## Task directions
This exercise asks for an exact copy of the lines from the one containing "94. Wala msifanye" through the final line of the material, with pictures omitted.
>>
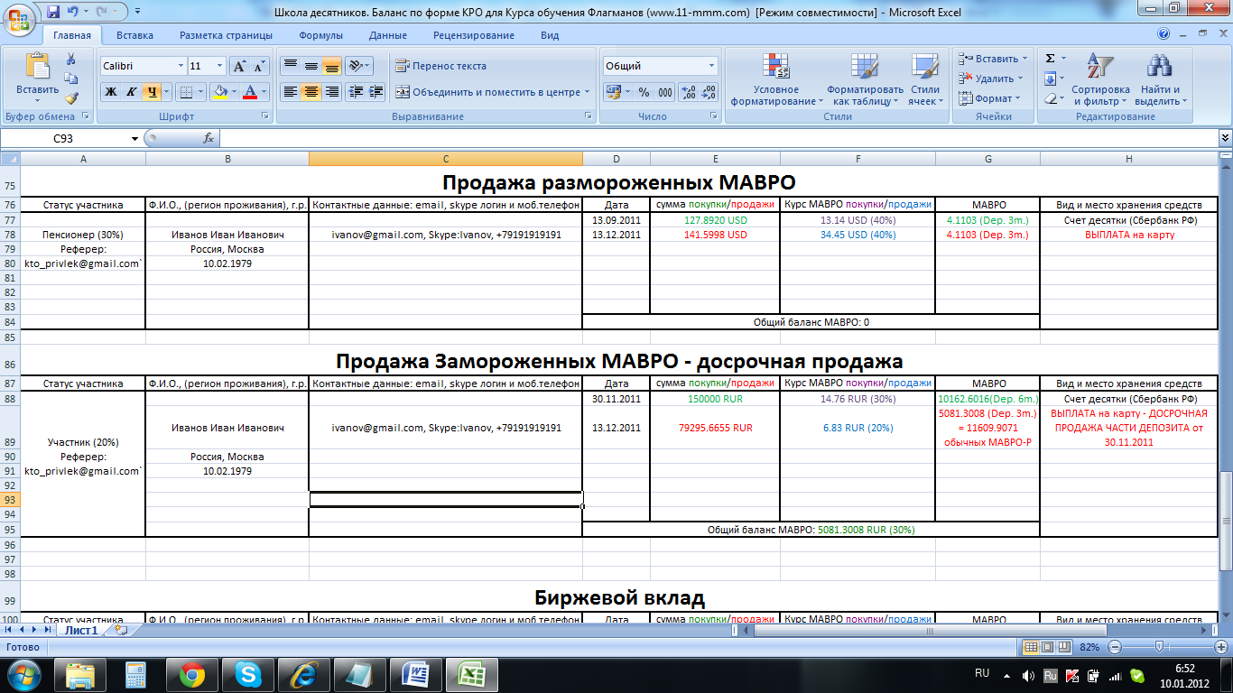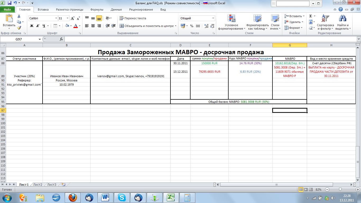 Прошу выплатить мне 100 000 рублей за счет досрочной продажи половины моих МАВРО с депозита 3 месяца под 30 % в месяц. Деньги прошу отправить банковским переводом, на счет по этим реквизитам:
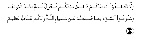 94. Wala msifanye viapo vyenu ni njia ya kudanganyana baina yenu.Usije mguu ukateleza badala ya kuthibiti, na mkaonja maovu kwa sababu ya kule kuzuilia Njia ya Mwenyezi Mungu, na mkapata adhabu kubwa.
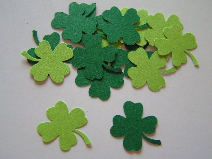 Diese kleinen Kleeblätter eignen sich hervorragend als Tischdekoration für den Geburtstag, zum Kartenbasteln usw.
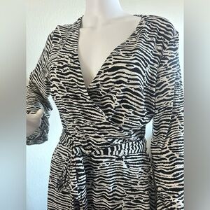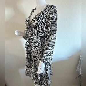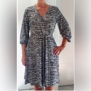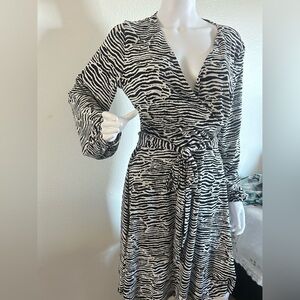 H&M Zebra Print Long Sleeve Midi Dress - Size Medium
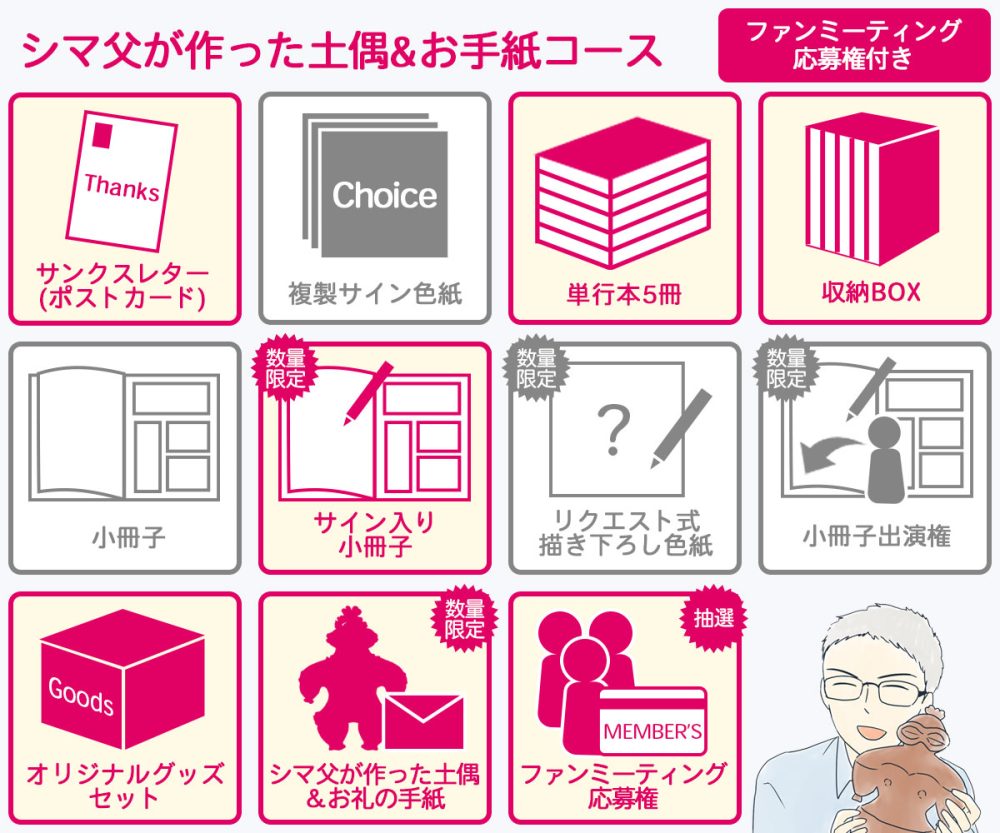 シマ父から当プロジェクトに協力したい!との熱い思いをいただきまして、お手製の土偶を数量限定でご用意。シマ父からのメッセージを添えたお得なコースとなっております。なお、こちらのコースには、遥那先生の直筆サイン入り小冊子の他、単行本5冊と収納BOX、グッズセットのほぼフルセットとなっております。
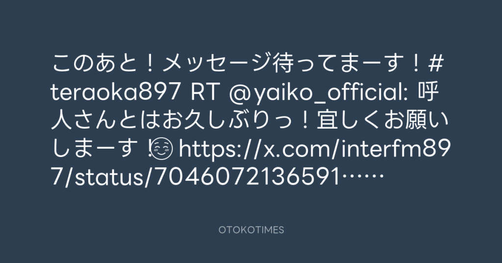 このあと!メッセージ待ってまーす!#teraoka897 RT @yaiko_official: 呼人さんと... -
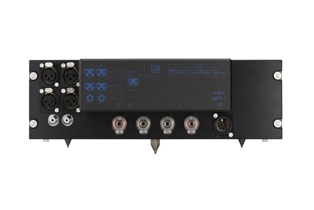 シャーシは同社のストレスフリーシャーシで、ビスやスパイク、スタッドまで非磁性化を図ることで磁気歪みを排除。外形寸法/質量はアンプ部が320W×120H×240Dmm/6.6kgで、電源部が20W×120H×285Dmm/11.2kg。本製品は一台ずつ受注を受けてからカスタムメイドされ、通常の生産では不可能な無極性部品の方向性管理も行われるとのこと。
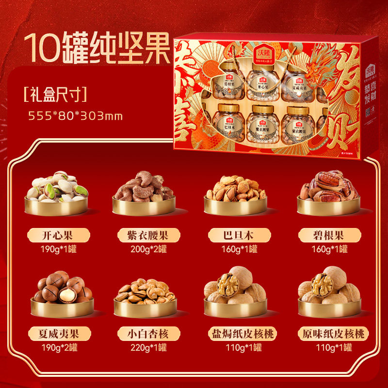 【k姐年货节】沃隆鸿运当头1.7kgx2盒纯坚果定制年货礼盒8罐
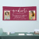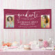 Modern Elegant Script Graduation Photo Burgundy Maroon Banner to announce your graduate in style! Celebrate your graduate in style with this customisable photo graduation banner featuring a bold script “graduate” design, two photo slots, and clean serif text for name and school details. It’s the perfect modern decoration for a grad party, open house, or photo backdrop!
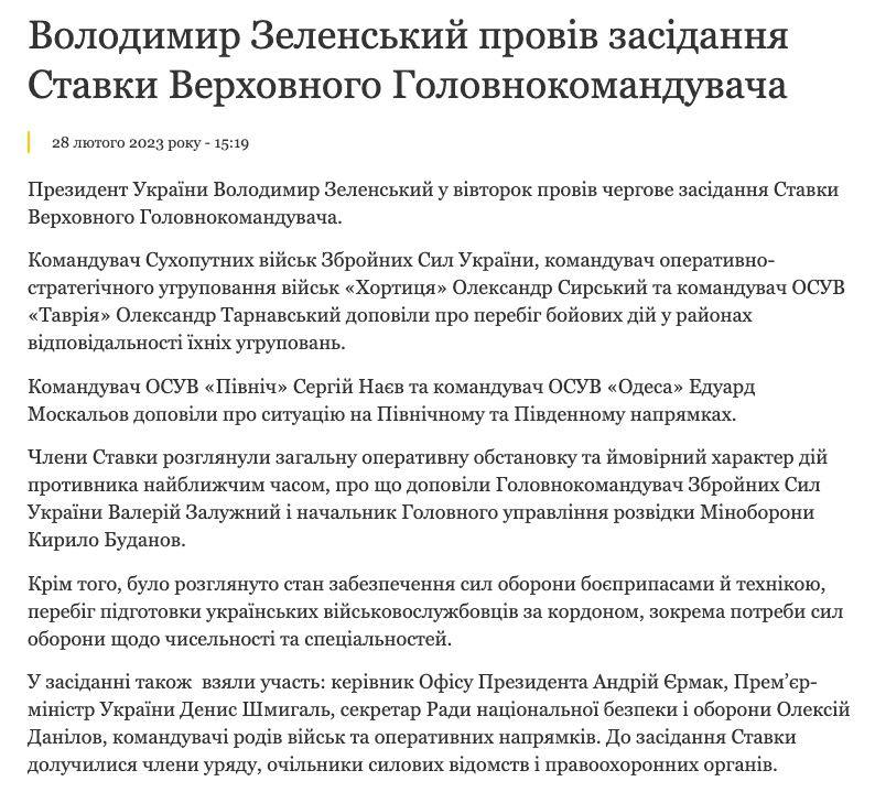 1. Сообщил о тяжелой ситуации в Бахмуте, которую рассматривали на заседании ставки. Докладывали ГУР, Министерство обороны, главком, командующие направлениями. Обсуждали и другие направления, в частности, Херсон.
<<
## Response
 94. Wala msifanye viapo vyenu ni njia ya kudanganyana baina yenu.Usije mguu ukateleza badala ya kuthibiti, na mkaonja maovu kwa sababu ya kule kuzuilia Njia ya Mwenyezi Mungu, na mkapata adhabu kubwa.
 Diese kleinen Kleeblätter eignen sich hervorragend als Tischdekoration für den Geburtstag, zum Kartenbasteln usw.
 H&M Zebra Print Long Sleeve Midi Dress - Size Medium
 シマ父から当プロジェクトに協力したい!との熱い思いをいただきまして、お手製の土偶を数量限定でご用意。シマ父からのメッセージを添えたお得なコースとなっております。なお、こちらのコースには、遥那先生の直筆サイン入り小冊子の他、単行本5冊と収納BOX、グッズセットのほぼフルセットとなっております。
 このあと!メッセージ待ってまーす!#teraoka897 RT @yaiko_official: 呼人さんと... -
 シャーシは同社のストレスフリーシャーシで、ビスやスパイク、スタッドまで非磁性化を図ることで磁気歪みを排除。外形寸法/質量はアンプ部が320W×120H×240Dmm/6.6kgで、電源部が20W×120H×285Dmm/11.2kg。本製品は一台ずつ受注を受けてからカスタムメイドされ、通常の生産では不可能な無極性部品の方向性管理も行われるとのこと。
 【k姐年货节】沃隆鸿运当头1.7kgx2盒纯坚果定制年货礼盒8罐
 Modern Elegant Script Graduation Photo Burgundy Maroon Banner to announce your graduate in style! Celebrate your graduate in style with this customisable photo graduation banner featuring a bold script “graduate” design, two photo slots, and clean serif text for name and school details. It’s the perfect modern decoration for a grad party, open house, or photo backdrop!
 1. Сообщил о тяжелой ситуации в Бахмуте, которую рассматривали на заседании ставки. Докладывали ГУР, Министерство обороны, главком, командующие направлениями. Обсуждали и другие направления, в частности, Херсон.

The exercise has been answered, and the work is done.